__THE TASK__
What you return should be the lines from the one with "Fechadura Primebras Athenas Agora" through the one with "Workers and supporters" in the data below, reproduced exactly with both ends, and no pictures at all.

__EXCERPTED DATA__

+ + +

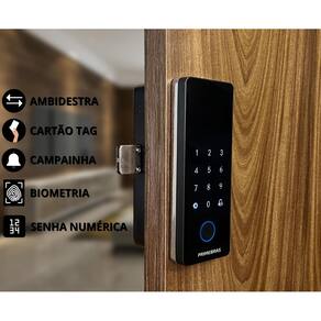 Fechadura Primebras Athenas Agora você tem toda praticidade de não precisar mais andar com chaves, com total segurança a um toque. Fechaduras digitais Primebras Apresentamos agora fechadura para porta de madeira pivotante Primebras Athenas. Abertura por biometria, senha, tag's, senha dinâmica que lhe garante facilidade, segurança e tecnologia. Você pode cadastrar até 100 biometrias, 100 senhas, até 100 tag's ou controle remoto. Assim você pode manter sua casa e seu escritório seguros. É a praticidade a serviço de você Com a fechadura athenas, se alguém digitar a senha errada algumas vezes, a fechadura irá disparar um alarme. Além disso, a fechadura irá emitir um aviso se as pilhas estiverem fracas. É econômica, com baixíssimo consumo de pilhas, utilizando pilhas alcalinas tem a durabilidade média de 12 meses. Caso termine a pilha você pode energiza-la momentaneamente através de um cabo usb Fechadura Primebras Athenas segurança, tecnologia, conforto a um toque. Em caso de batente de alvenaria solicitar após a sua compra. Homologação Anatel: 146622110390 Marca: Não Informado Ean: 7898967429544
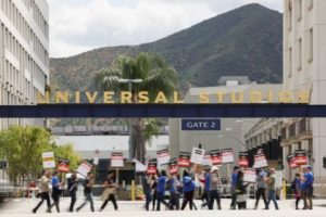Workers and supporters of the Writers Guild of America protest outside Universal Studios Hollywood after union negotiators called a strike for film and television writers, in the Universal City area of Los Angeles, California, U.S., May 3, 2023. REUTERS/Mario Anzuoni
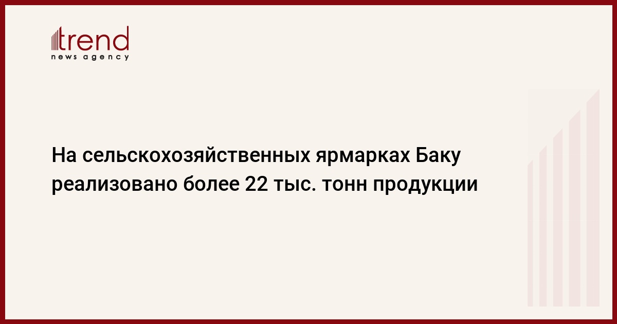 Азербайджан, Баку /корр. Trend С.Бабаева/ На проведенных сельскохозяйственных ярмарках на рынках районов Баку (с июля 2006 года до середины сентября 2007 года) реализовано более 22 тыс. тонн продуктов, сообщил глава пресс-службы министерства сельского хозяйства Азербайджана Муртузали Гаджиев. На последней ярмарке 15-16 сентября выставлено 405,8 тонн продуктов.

+ + +

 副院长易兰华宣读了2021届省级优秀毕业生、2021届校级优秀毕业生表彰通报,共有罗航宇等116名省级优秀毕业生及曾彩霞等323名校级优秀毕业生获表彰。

+ + +

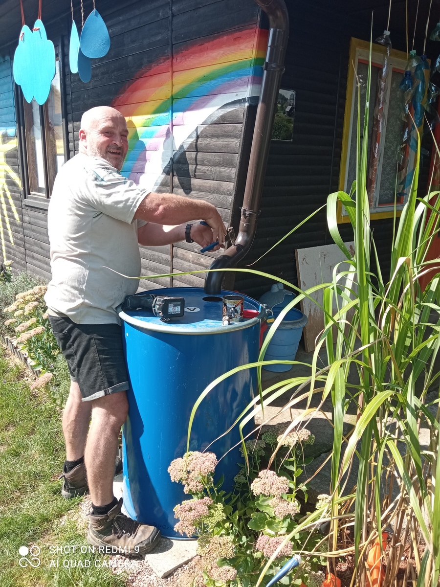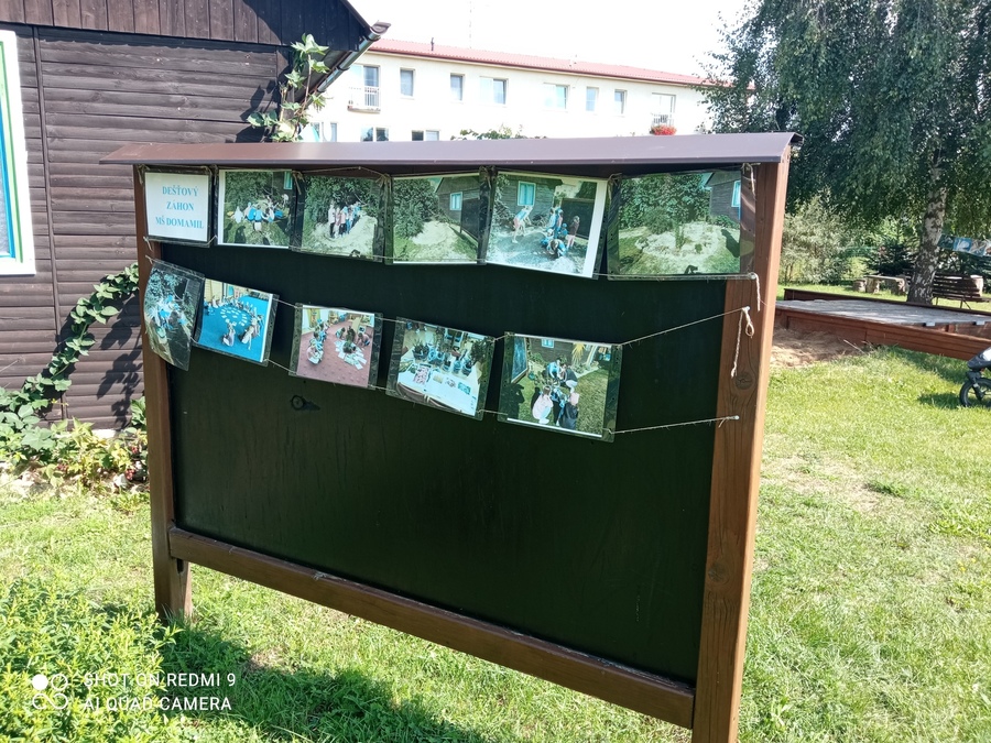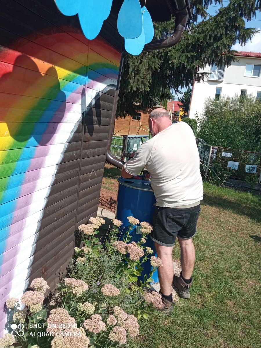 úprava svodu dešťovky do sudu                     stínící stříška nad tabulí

+ + +

__ANSWER AREA__
 Fechadura Primebras Athenas Agora você tem toda praticidade de não precisar mais andar com chaves, com total segurança a um toque. Fechaduras digitais Primebras Apresentamos agora fechadura para porta de madeira pivotante Primebras Athenas. Abertura por biometria, senha, tag's, senha dinâmica que lhe garante facilidade, segurança e tecnologia. Você pode cadastrar até 100 biometrias, 100 senhas, até 100 tag's ou controle remoto. Assim você pode manter sua casa e seu escritório seguros. É a praticidade a serviço de você Com a fechadura athenas, se alguém digitar a senha errada algumas vezes, a fechadura irá disparar um alarme. Além disso, a fechadura irá emitir um aviso se as pilhas estiverem fracas. É econômica, com baixíssimo consumo de pilhas, utilizando pilhas alcalinas tem a durabilidade média de 12 meses. Caso termine a pilha você pode energiza-la momentaneamente através de um cabo usb Fechadura Primebras Athenas segurança, tecnologia, conforto a um toque. Em caso de batente de alvenaria solicitar após a sua compra. Homologação Anatel: 146622110390 Marca: Não Informado Ean: 7898967429544
Workers and supporters of the Writers Guild of America protest outside Universal Studios Hollywood after union negotiators called a strike for film and television writers, in the Universal City area of Los Angeles, California, U.S., May 3, 2023. REUTERS/Mario Anzuoni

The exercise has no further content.